[EM] Subject: APR (13): Steve's 13th dialogue with Toby (Steve)

[Toby Pereira]

Steve and everyone
My newest comments have no tags.
T:  I suppose because a score system doesn't work on the same elimination basis as APR, it wouldn't be able to work in exactly the same way. But what you could do is allow the following three options for voters. One would be for the voter to give scores to as many candidates as they like (anyone candidate they ignore gets a default 0) and not transfer any power to their favourite candidate or anyone else. …  XS:  Do you agree that this option would not guarantee that your vote would not be entirely wasted, i.e. not even positively counting in the Commons through the vote of the MP could have otherwise been given your score by any eliminated candidate you had scored?
Yes. It is possible that none of the candidates you give a positive score to will be elected. However, see below.  T:  … They would also have the option of simply voting for one candidate and using that candidate's entire score set of the other candidates.  XS: Please clarify.  Do you mean this one candidate if eliminated would be required (some how) to give the score you gave to him to an MP?  If so, how exactly?
What I mean is that each candidate would have a pre-declared set of scores for all the other candidates. They would rate the other candidates in advance of the election. Then if I as a voter don't want to individually rate the candidates, then I cast a vote for my favourite candidate and indicate that I want to use their ratings of the other candidates rather than rate them myself.  T: … The other option would be for a voter to give scores (including zeros) to as many candidates as they want (these would be the ones they have specific views about), and then leaving the ratings of every other candidate to their indicated favourite candidate. As for whether I'm in favour of it, yes, I think it should work well.
 XS:  Again, do you agree that this option would not guarantee that your vote would not be entirely wasted, not even positively counting in the Commons through the vote of the MP given your score by this eliminated candidate whom you had scored?
It's possible that none of the candidates you give a positive rating to will get elected. Or, if you are using your favourite candidate's ratings, it's possible that none of the candidates they have given a positive rating to will be elected. However, under APR, unless you (or your favourite candidate) has given a complete ranking list of all candidates then this can happen in APR as well. Also if none of my ranked candidates are elected, but my favourite candidate's 78th ranked candidate is elected as my representative, I might well be justified in feeling that I'm not really represented in any way. The fact that someone gives a complete ranking does mean that someone will become their official representative, but it offers no guarantees about how well someone will feel represented by them. So you can be represented in APR by definition only and not in any real sense. I'm not saying that this is likely, but I don't think it is any more likely in an approval/score system either.  XS:  Still you fail to give a mathematical definition of “proportional”.  Without this, you cannot explain why the information below APR’s transfer line is important to you.  Similarly, you have not provided me with the formula by which all the information that would be provided by your approval/score voting would allow you to calculate what you would see as the optimal, “overall proportionality” in the Commons as a result of any such election.  Can you not provide this information? [I see you have attempted to provide this information below.]
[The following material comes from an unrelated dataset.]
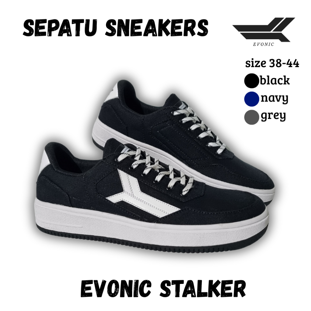 sepatu sneakers evonic stalker, sepatu sekolah dan kasual pria style hitam

Yes, I did provide the information below. I also described it (albeit more briefly) in previous e-mails and linked to a mathematical description of the approval system. It's probably best to read the whole e-mail before saying things like this. And also, if you weren't happy with the previous descriptions, you should have said that you weren't happy with them rather than ignoring them and just stating that I hadn't provided an explanation.
XS:  This correctly understands APR but I think it would be clearer to say that “A’s power is provided by two voters” rather than “split between two voters”.  Also, do you again agree that this option would not guarantee that your vote would not be entirely wasted, i.e. it will be wasted if none of the candidates you have approved or scored is sufficiently popular to be elected?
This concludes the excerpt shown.